Development of a SARS‐CoV‐2 viral dynamic model for patients with COVID‐19 based on the amount of viral RNA and viral titer

Abstract

AbstractThe target‐cell limited model, which is one of the mathematical modeling approaches providing a quantitative understanding of viral dynamics, has been applied to describe viral RNA profiles of the severe acute respiratory syndrome coronavirus 2 (SARS‐CoV‐2) in previous studies. However, these models have been developed mainly using patient data from the early phase of the pandemic. Furthermore, no reports focused on the profiles of the viral titer. In this study, the dynamics of both viral RNA and viral titer were characterized using data reflecting the current clinical situation in which the Omicron variant has become epidemic and vaccines for SARS‐CoV‐2 have become available.
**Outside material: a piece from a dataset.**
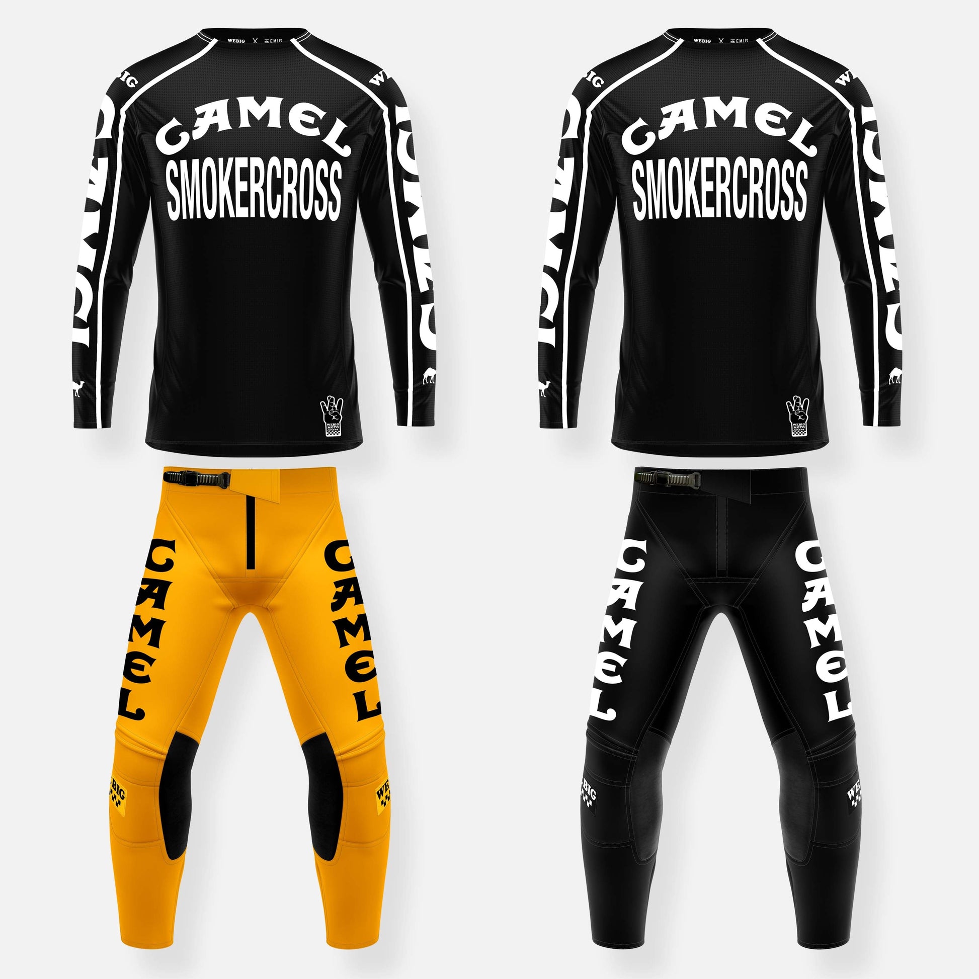 Wrangle yur sexy ass smack dab into one of our new Camel Smokercross Race Jersey. It was designed, and tested in direct collaboration with Jeff Emig. With hundreds of test rides and design tweaks.....we are so proud to deliver to you a Moto Jersey that is at the pinnacle of greatness. If you want the full factory setup....you can run this black jersey with either the black or the yellow Camel Smokercross Race Pant.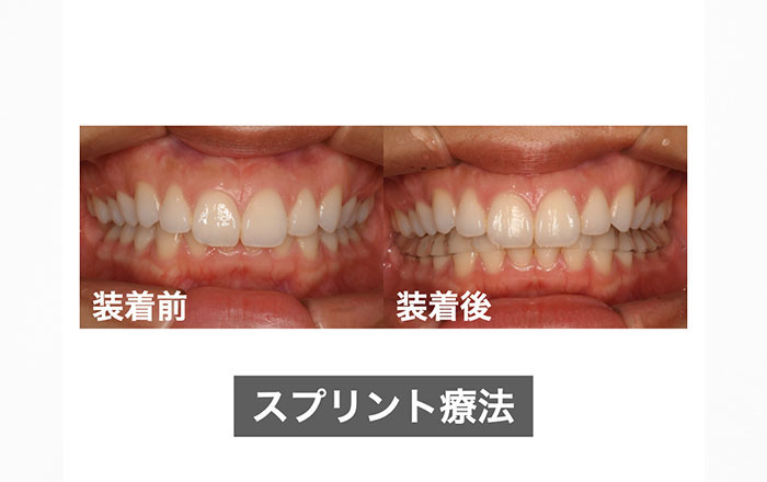 スプリントをつけることによって、顎に負荷をかけないよう保護し、歯への直接的な負担を軽減します。

Consecutive data for 5212 viral RNA levels and 5216 viral titers were obtained from 720 patients with coronavirus disease 2019 (COVID‐19) in a phase II/III study for ensitrelvir. Our model assumed that productively infected cells would produce only infectious viruses, which could be transformed into non‐infectious viruses, and has been used to describe the dynamics of both viral RNA levels and viral titer. The time from infection to symptom onset (tinf) of unvaccinated patients was estimated to be 3.0 days, which was shorter than that of the vaccinated patients. The immune‐related parameter as a power function for the vaccinated patients was 1.1 times stronger than that for the unvaccinated patients. Our model allows the prediction of the viral dynamics in patients with COVID‐19 from the time of infection to symptom onset. Vaccination status was identified as a factor influencing tinf and the immune function.